2: Património Urbano

Transição do
Tradicional ao Moderno
Portugal no Final do Séc. XIX e Início do Séc. XX

João Vasco Araújo | José Nuno Cunha


09-11-2023
Contexto Histórico

O final do século XIX em Portugal foi um período de grande instabilidade política, social e
econômica, caracterizado por uma série de eventos marcantes. Portugal era governado por uma
monarquia constitucional, mas essa forma de governo estava fragilizada devido a diversos fatores. Um
desses fatores foi a recente crise do "Mapa Cor de Rosa", que ocorreu em 1886 e envolveu disputas de
fronteira com a Grã-Bretanha no sul de África. A crise resultou no subsequente Ultimato Britânico em
1890, no qual o rei português, Dom Carlos I, cedeu às demandas britânicas, causando um sentimento
de perda de soberania e descontentamento entre a população.
Além disso, Portugal enfrentava
um alto nível de corrupção no seu sistema
político e uma economia em dificuldades.
A economia portuguesa era altamente
dependente de produtos agrícolas, como o
vinho e o azeite. No entanto, esses produtos
agrícolas eram vulneráveis a flutuações de
mercado e incertezas na produção, o que
tornava o país economicamente vulnerável.
Essa série de eventos e desafios
acabou levando à instauração da Primeira
República em 1910, encerrando o longo
período de monarquia. A Primeira
República Portuguesa representou uma
tentativa de modernização do país e uma
quebra com a tradição monárquica. No
entanto, a transição para a república não foi Figura 1 - Mapa Cor-de-rosa
isenta de turbulências.
Durante a Primeira República, que se estendeu até 1926, Portugal enfrentou instabilidade
política com várias mudanças de governo, o que dificultou a implementação de reformas eficazes. Em
1914, com o início da Primeira Guerra Mundial, Portugal encontrou uma oportunidade para exportar
uma quantidade significativa de produtos agrícolas para suprir as necessidades dos países em guerra, o
que trouxe algum alívio para a economia do país.
No entanto, após o fim da Primeira Guerra Mundial, Portugal enfrentou dificuldades
económicas, incluindo inflação e desemprego.
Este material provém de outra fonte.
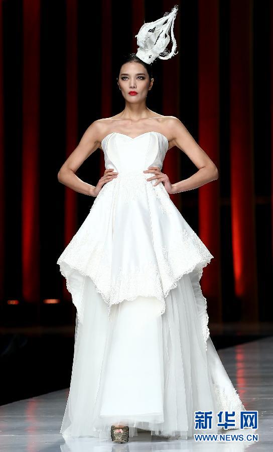 1月3日,模特展示马来西亚时装设计师Carven Ong的时装作品。 1月3日,首届中国—东盟时装周继续在广西南宁举行,上演马来西亚时装设计师Carven Ong的高级婚纱礼服时装秀。新华社记者陈建力摄
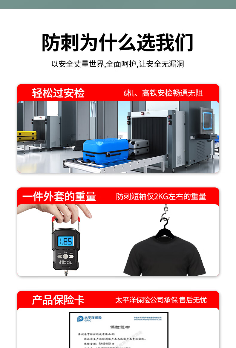 客服服务热情,防刺短袖做工精细,芯片保护范围很大, 很值这个价格,给你们点赞 安全性杠杠的
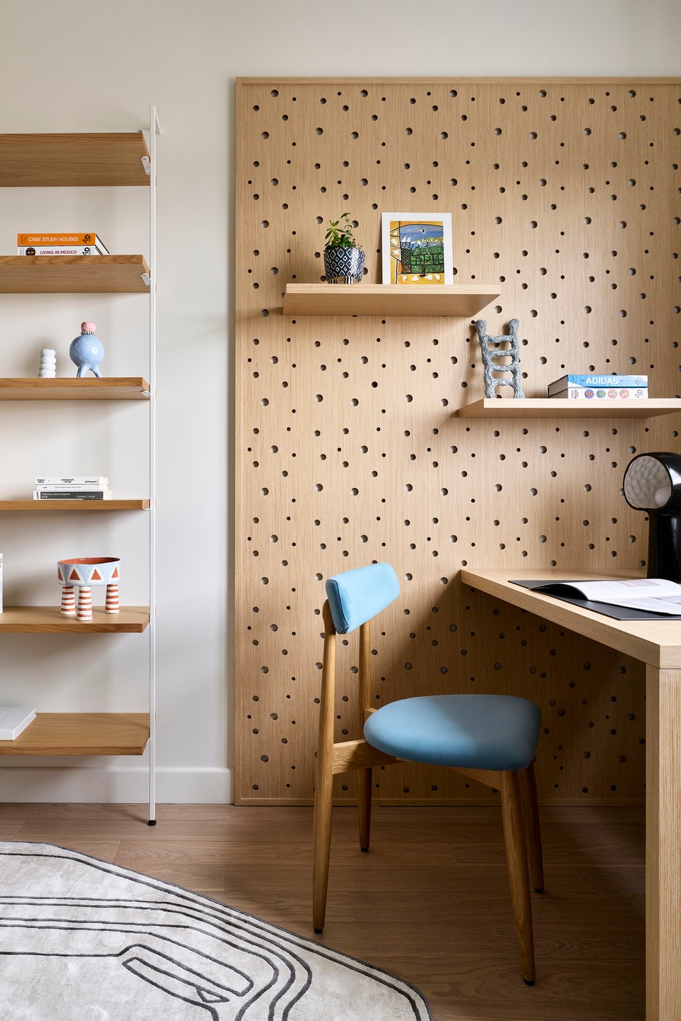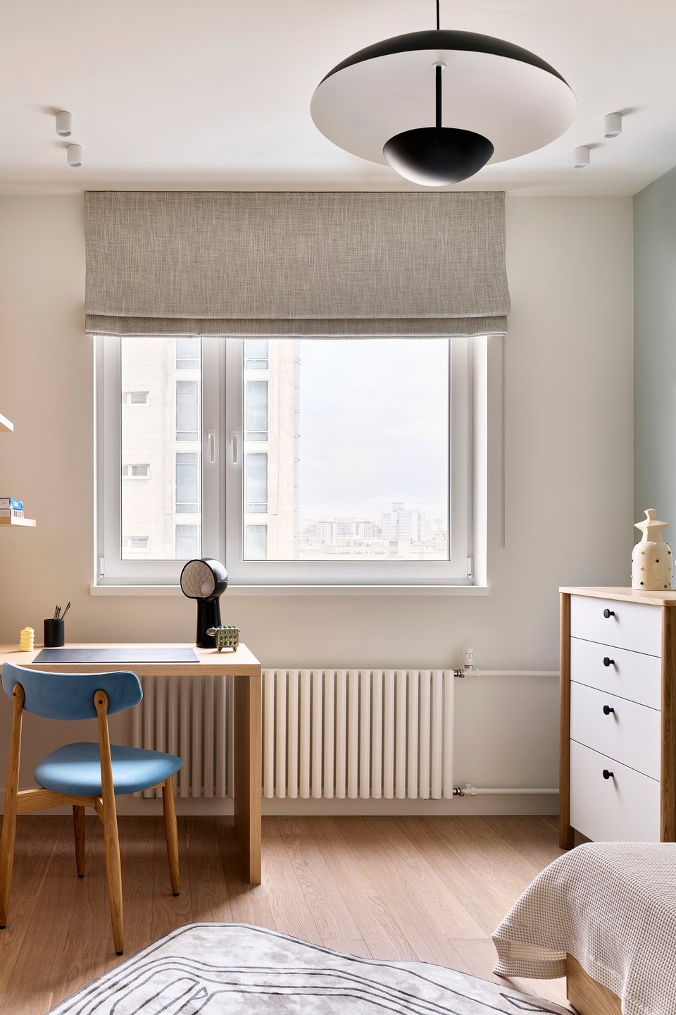 Детская комната оформлена в светлой и спокойной гамме. Рядом с кроватью поставили небольшой пуф Кропс от бренда divan.ru: на него удобно положить одежду перед сном или использовать как прикроватную тумбу для книг. В качестве декоративного элемента дизайнер предложила шпонированную панель с рандомной перфорацией.
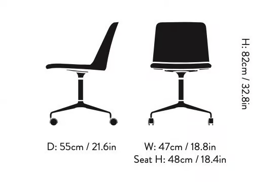 A RELY HW23 szék 100%-ban újrahasznosított műanyagból készült héjjal rendelkezik, amely környezetbarát megoldást kínál irodai környezetek számára. Hee Welling tervezése, amely a minimalizmus és a funkcionalitás ötvözését tükrözi, ergonomikus kialakítással és letisztult megjelenéssel bír. A héj különböző modern színekben elérhető, és igény szerint különféle szövetekkel kárpitozható. Az alumínium forgóalap görgőkkel van felszerelve, és polírozott vagy porszórt kivitelben kapható. Az ülés 30 mm-es habbal és furnérlemezzel készül. A szék erősségét, tartósságát és biztonságát az EN 16139 Level 2 szabvány szerint tesztelték, amely extrém használatra is alkalmas. Az alap kivitelek között megtalálható a polírozott alumínium, bronz és fekete. A műanyag csúszótalpak alapfelszereltségként vannak jelen, de filc csúszótalpak is kérhetők.
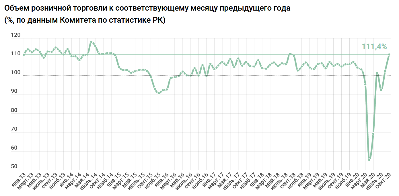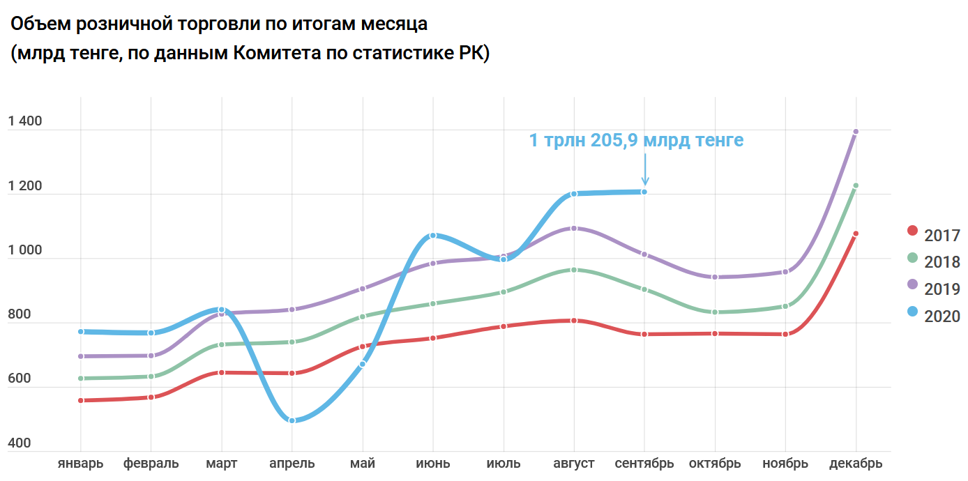 По данным комитета по статистике, в сентябре 2020 года объем сделок в розничной торговле в целом по республике составил 1 трлн 205,9 млрд тенге. И это крайне высокий показатель:
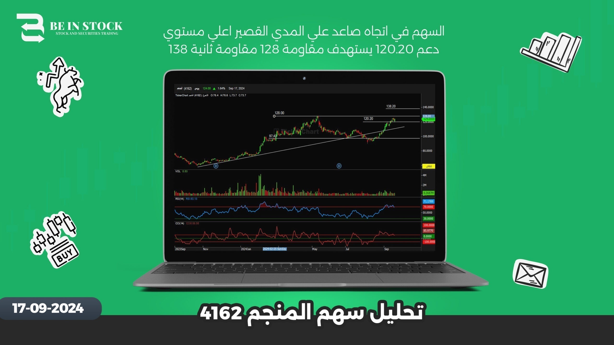 السهم يتحرك في اتجاه عرضي دعم: 126 مقاومة: 140 ، 160 ينصح بالتداول بين
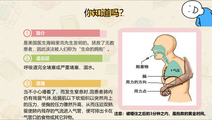 首先,主讲人用《人在囧途》电影视频中王宝强救人的方法引出海姆立克急救法,激发同学们的热情。该方法用于解决急性呼吸道异物堵塞,其征象为三不能(不能呼吸、不能咳嗽、不能说话)和“V型手”。她从“如何自救”和“如何帮助他人脱离危险”两方面进行讲解。
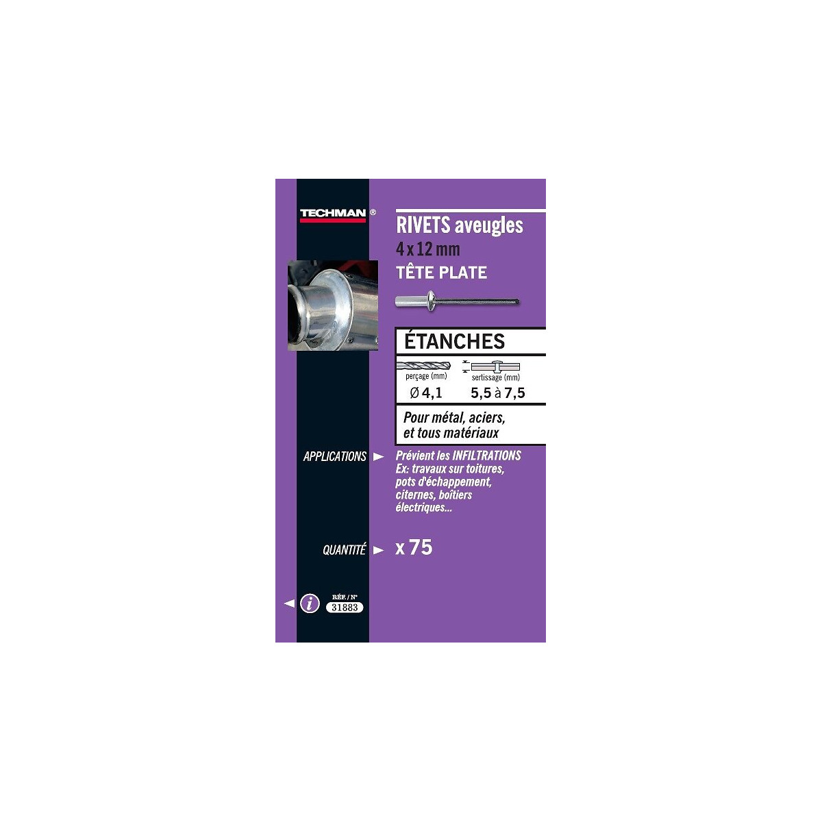 75 rivets étanches alu / acier à tête plate. Diamètre x longueur : 4 x 12 mm, diamètre perçage : 4,1 mm, épaisseur à sertir : 6 à 8 mm. Matériaux : métal, acier, … Applications : préviennent des infiltrations. Par exemple : travaux sur toitures et chêneaux, pots d’échappement, citernes, boîtiers électriques, …

Este contexto histórico tumultuado e o desejo de
modernização marcaram a virada do século e lançaram as bases para futuros desenvolvimentos políticos
e económicos em Portugal.
Toda essa instabilidade política e econômica culminou na implantação do Estado Novo em
1933, que marcou uma nova fase na história de Portugal.
Introdução do Betão Armado em Portugal

Foi nesse contexto de instabilidade e progresso que surgiu na arquitetura o betão armado, uma
nova tecnologia que viria a revolucionar a construção no futuro. No entanto, antes de se estabelecer
plenamente, essa tecnologia passou por um período de introdução e adaptação às técnicas de construção
existentes.
O betão armado foi utilizado pela primeira vez no restauro da Fábrica de Moagem do Caramujo
em 1898, que havia sido recentemente atingida por um incêndio. No entanto, o seu primeiro uso em
edifícios residenciais ocorreu poucos anos depois, em 1905, no Palacete Valmor de Ventura Terra.
Manuel Ventura Terra (1866-1919), arquiteto formado na Academia de Belas Artes de Lisboa,
desempenhou um papel crucial na transição da arquitetura portuguesa tradicional para o modernismo.
Ele facilitou a introdução de várias influências arquitetónicas, popularizou o estilo parisiense no começo
da carreira, e já no início o sec. XX introduziu a arte Nova, e até introduziu do betão armado como
principal elemento estrutural. A sua influência e espírito inovador abriram caminho para a introdução
dos primeiros estilos internacionais, como a Arte Nova e a Art Déco.
Ventura Terra tinha um estilo construtivo eclético, frequentemente entrelaçando elementos
decorativos com influências neoclássicas e modernas. Os seus edifícios foram projetados para
aproveitar as vantagens de cada material, misturando pedra, betão e madeira. Eventualmente, em
projetos mais tardios, o arquiteto introduziu estruturas inteiras de betão armado. Um exemplo notável
da sua arquitetura inovadora é o Palácio Valmor (1906).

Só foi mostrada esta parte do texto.